It's beyond frustrating how I've spent many hours trying to follow my professor's explanations while barely understanding, only for a 7 minute video to put it all together and make it clear. Thank you so much!
Great supplemental material to a rigorrous treatement of the topics. Well put together with correct pacing and thoughtout layouts. Keep up the amazing work. :)
The video really helped me to learb about pertrubation theory But still I cant understand why the first correction term breaks the degeneracy of the states .Thank you very much for your time!
Nice explanation video. Correct me if I'm wrong, In a numerical setting, I believe once you've got your Hermitian (Hamiltonian) H_0 matrix of the unperturbed system (which will in most cases be a tridiagonal square matrix), the perturbation potential V'(x) would be a single diagonal square matrix which we can them multiply with \lambda and add to the original Hamiltonian H_0 to get H = H_0 + (\lambda . V'(x)), such that the new energy levels and wave functions would be the eigenvalues and eigenvectors of H (the perturbed Hamiltonian)

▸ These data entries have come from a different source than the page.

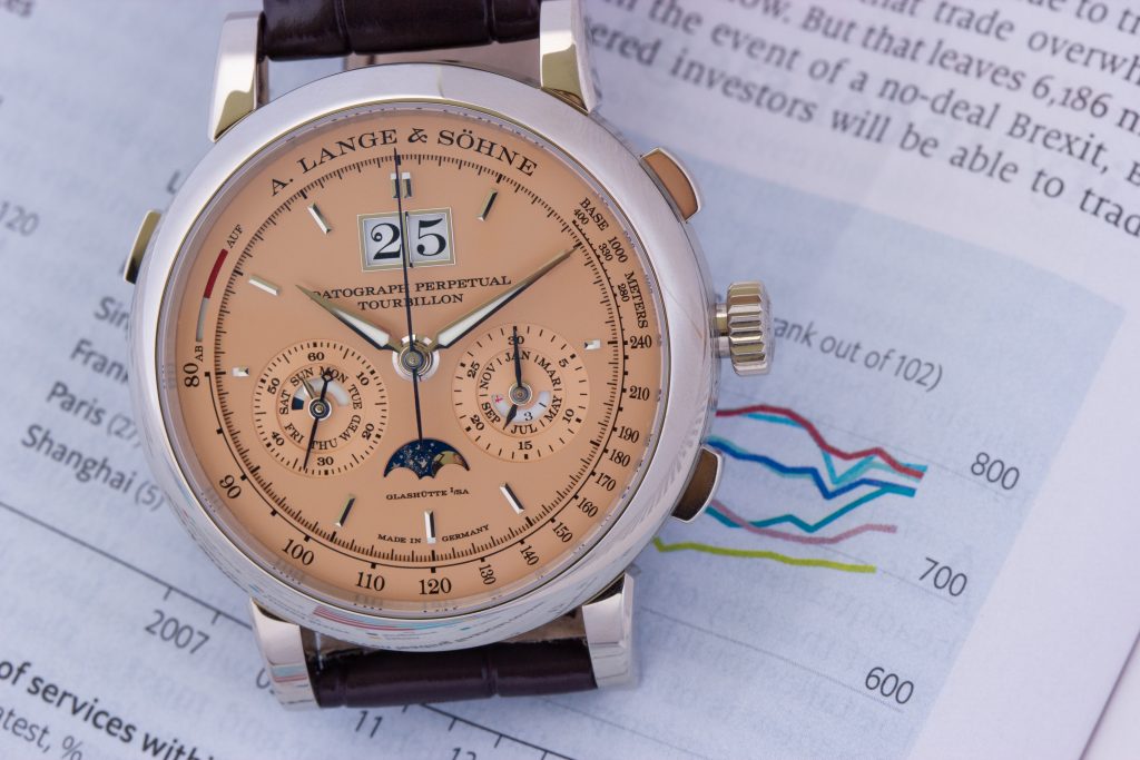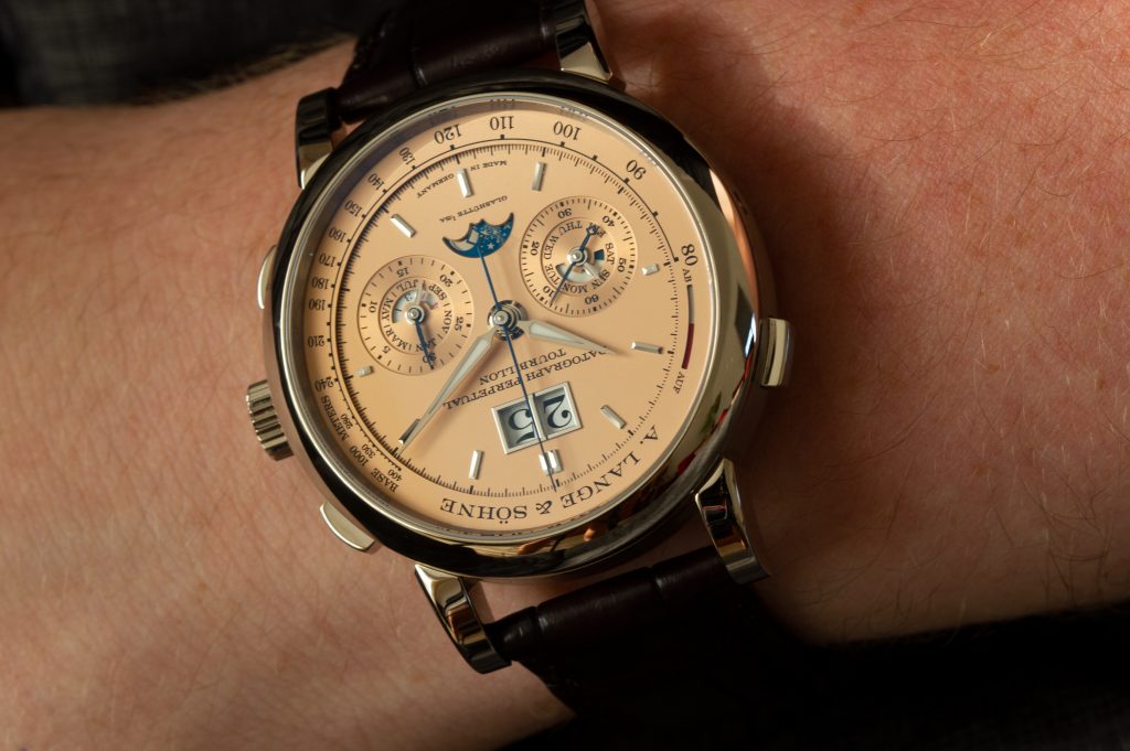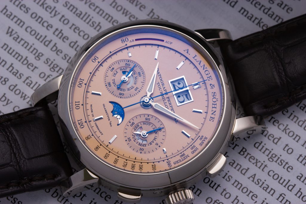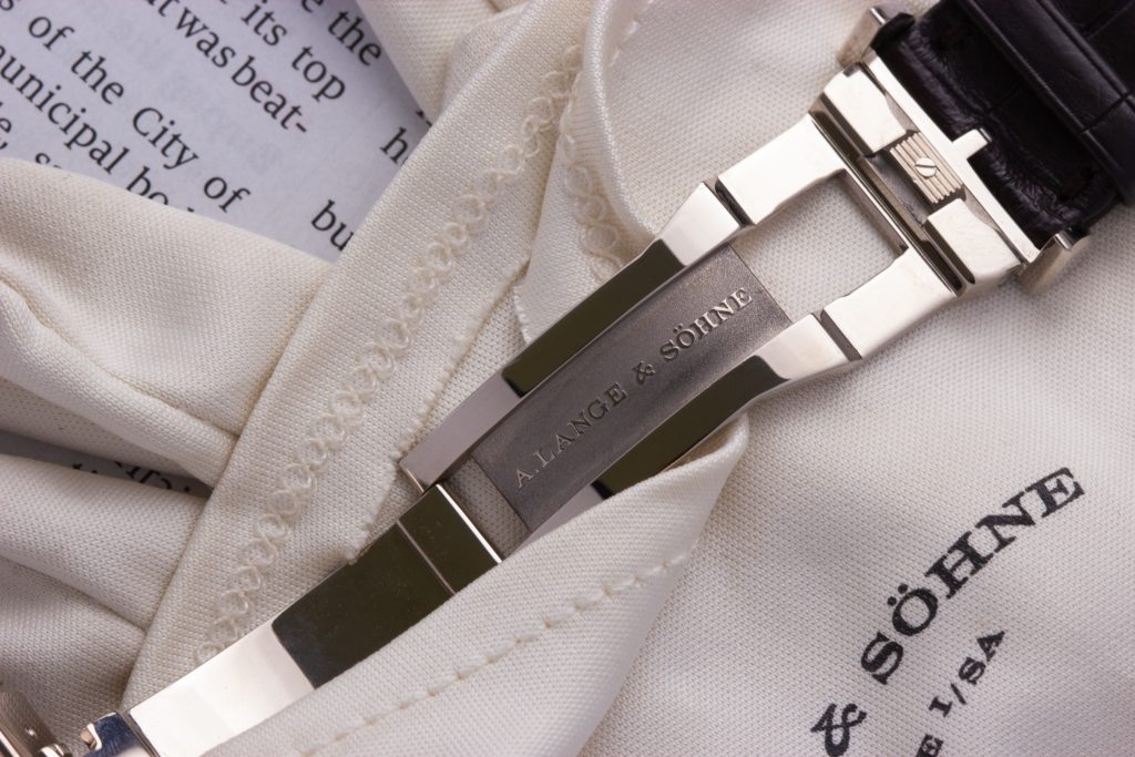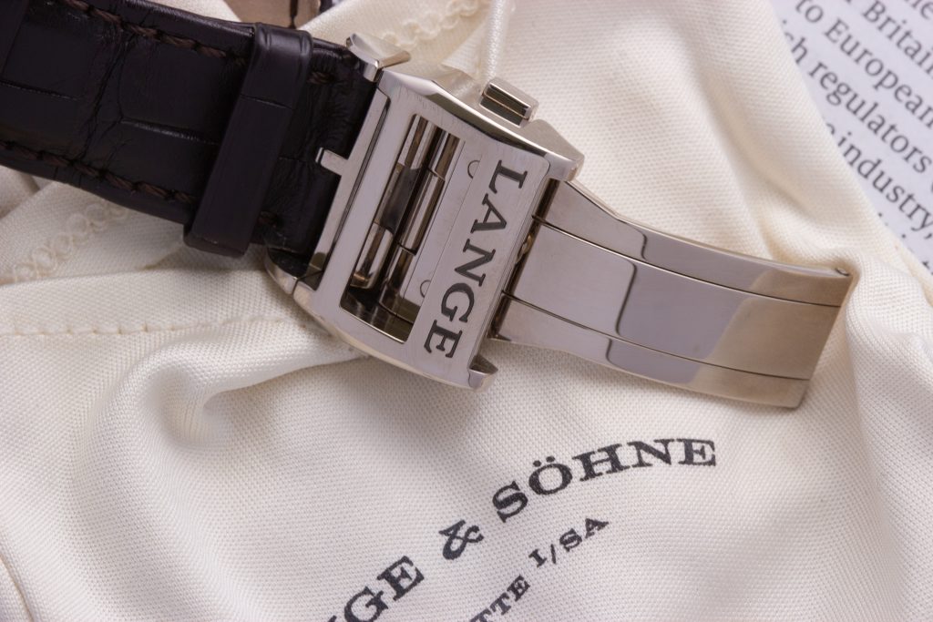 That’s not to say that the watch is cumbersome, far from it, the strap firmly holds the piece in place on the wrist, and you can have confidence in the solid gold twin pusher folding clasp. Don’t expect to wear this and not notice, though, as I’ve said in countless articles on A.Lange & Söhne watches before, their complicated watches are meaty. Compared to Swiss watches which tend to have an elegant lightness to them, the Datograph Perpetual Tourbillon has a solidity brought on by the large dimensions and the sheer mass of the thing. According to our patented VSS (Very Scientific (kitchen) Scales), this watch weighs in at 171 grams, for reference, this year’s GMT Master 2 BLNR from Rolex weighs 142 grams, and you can feel the heft thanks to the white gold case and clasp.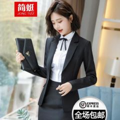 职业装女装套装2020秋冬新款时尚气质小西装商务正装大学生面试西服工作服 黑色单件西装 M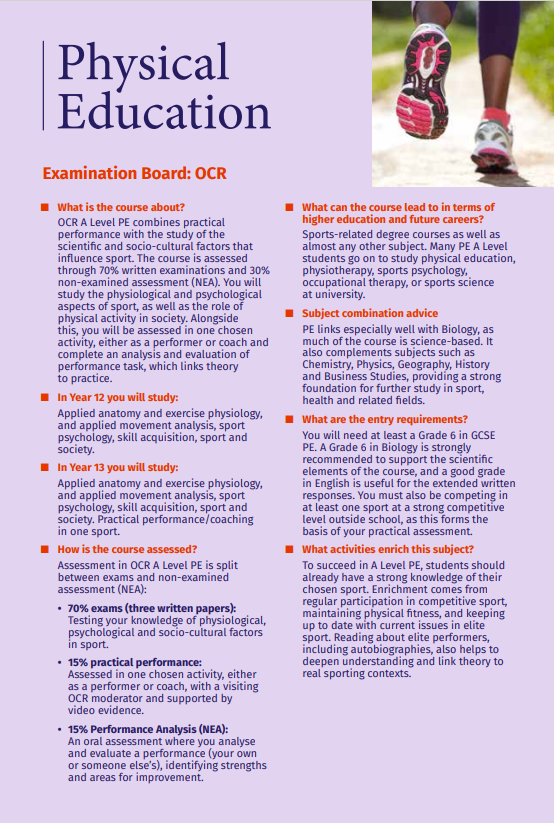 PE links especially well with Biology, as much of the course is science-based. It also complements subjects such as Chemistry, Physics, Geography, History and Business Studies, providing a strong foundation for further study in sport, health and related fields.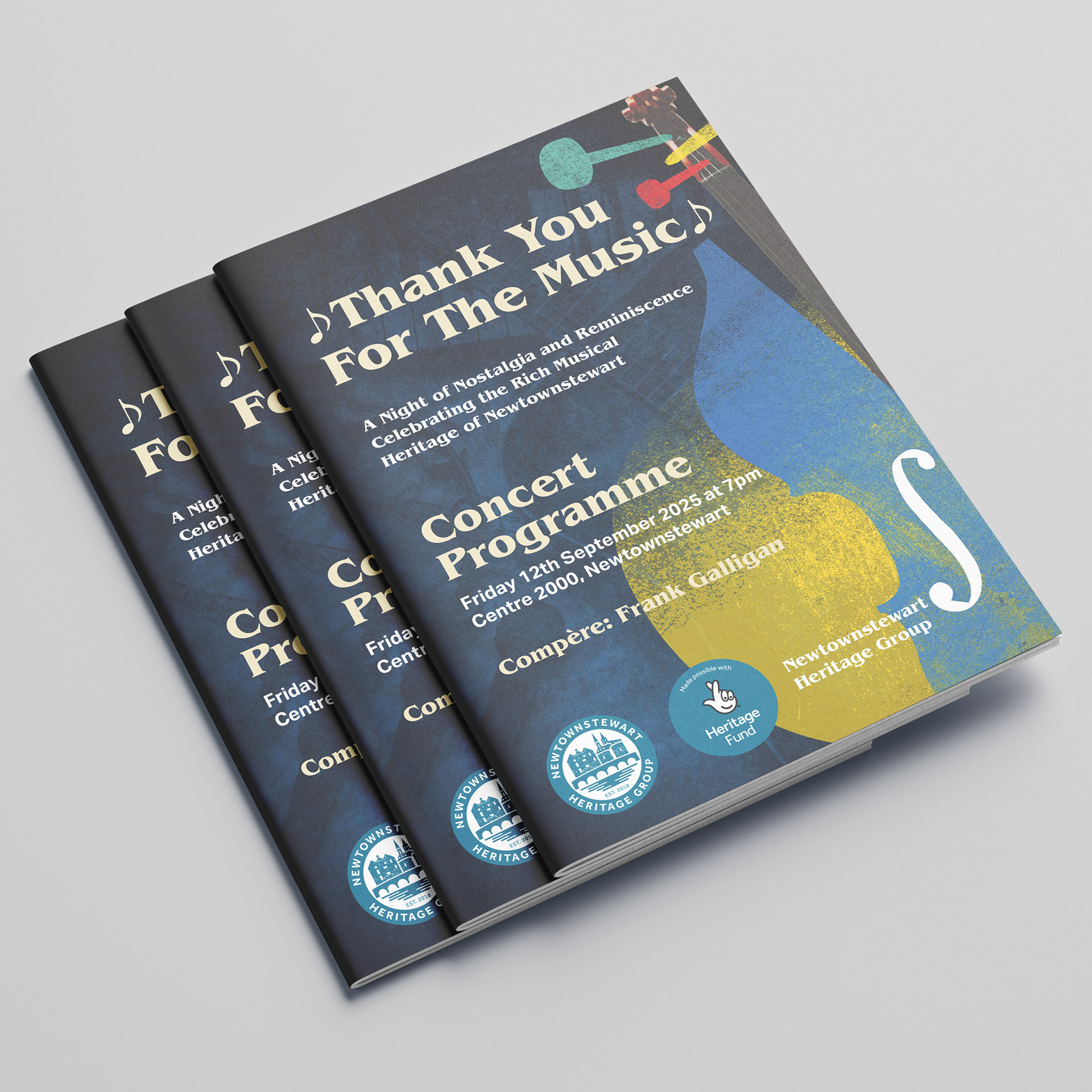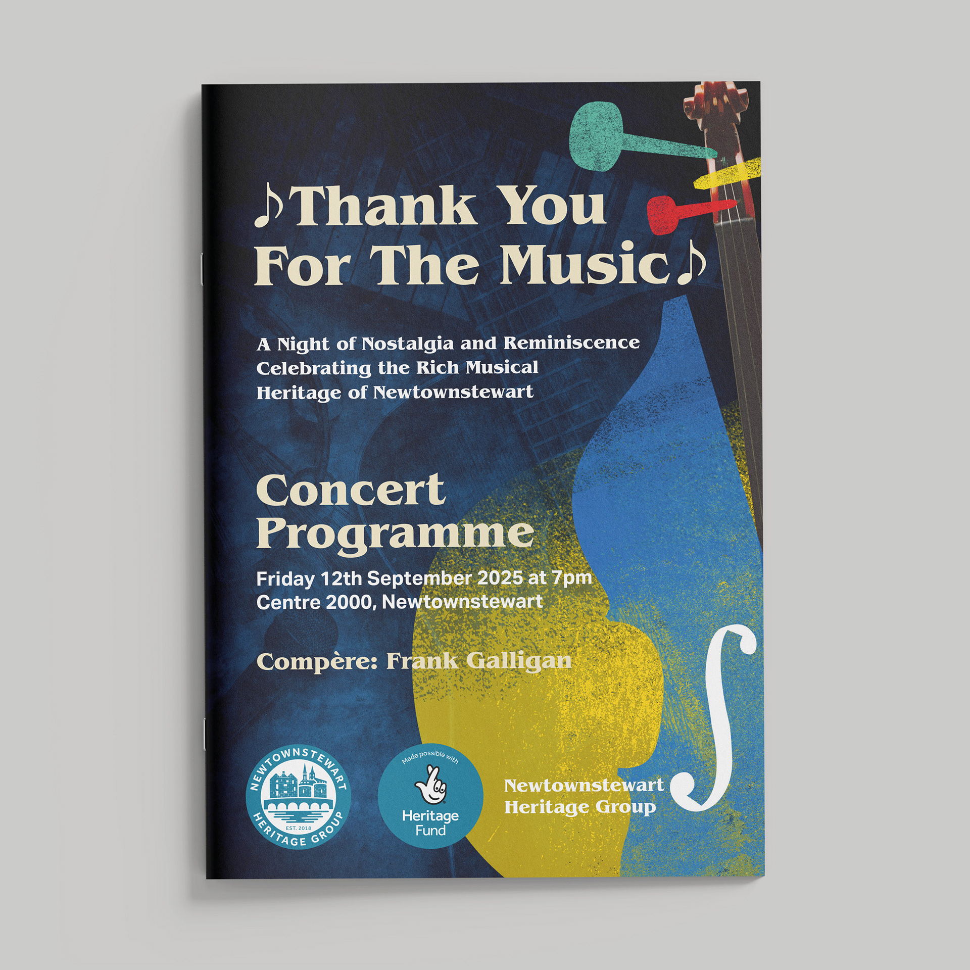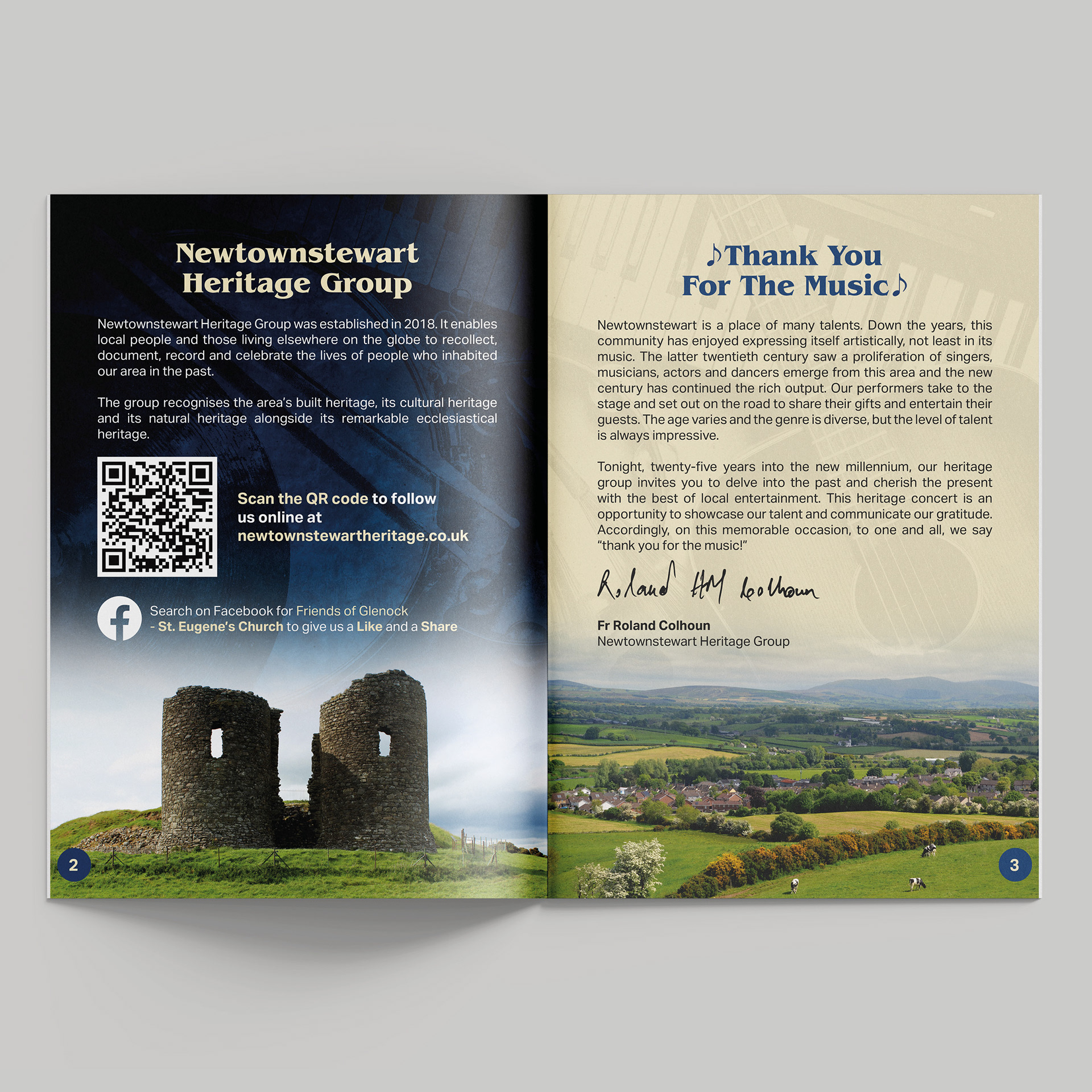 I worked with Newtownstewart Heritage Group to design and produce the concert programme Thank You For The Music!, a publication celebrating the rich cultural and musical heritage of the community. My role involved shaping the visual identity, layout, and overall narrative flow of the booklet, ensuring it reflected both the warmth of the event and the organisation’s commitment to preserving local history.

I was studying magnetic properties of soild (exchange interaction). It is really helpfull What is secular determinant? How does H'11=H'22 and H'12=H'21 hold for perturbation?
The secular determinant (also known as the characteristic polynomial) helps us to determine the eigenvalues of V, which we called mu_1 and mu_2. Also, the procedure we discussed in this video is valid up to first order perturbation theory.
There are a few questions: 1. If the corrections are linear to Hamiltonian, why do the new corrected energy and wave functions need to be linear to the original energy value and wave functions? 2. The corrections to be perpendicular to the original wave functions is related to the new Hilbert space we are in? 3. Is there any Physics in this perturbation theory, or is it just mathematical tricks for calculation? I am assuming yes because it's called a theory.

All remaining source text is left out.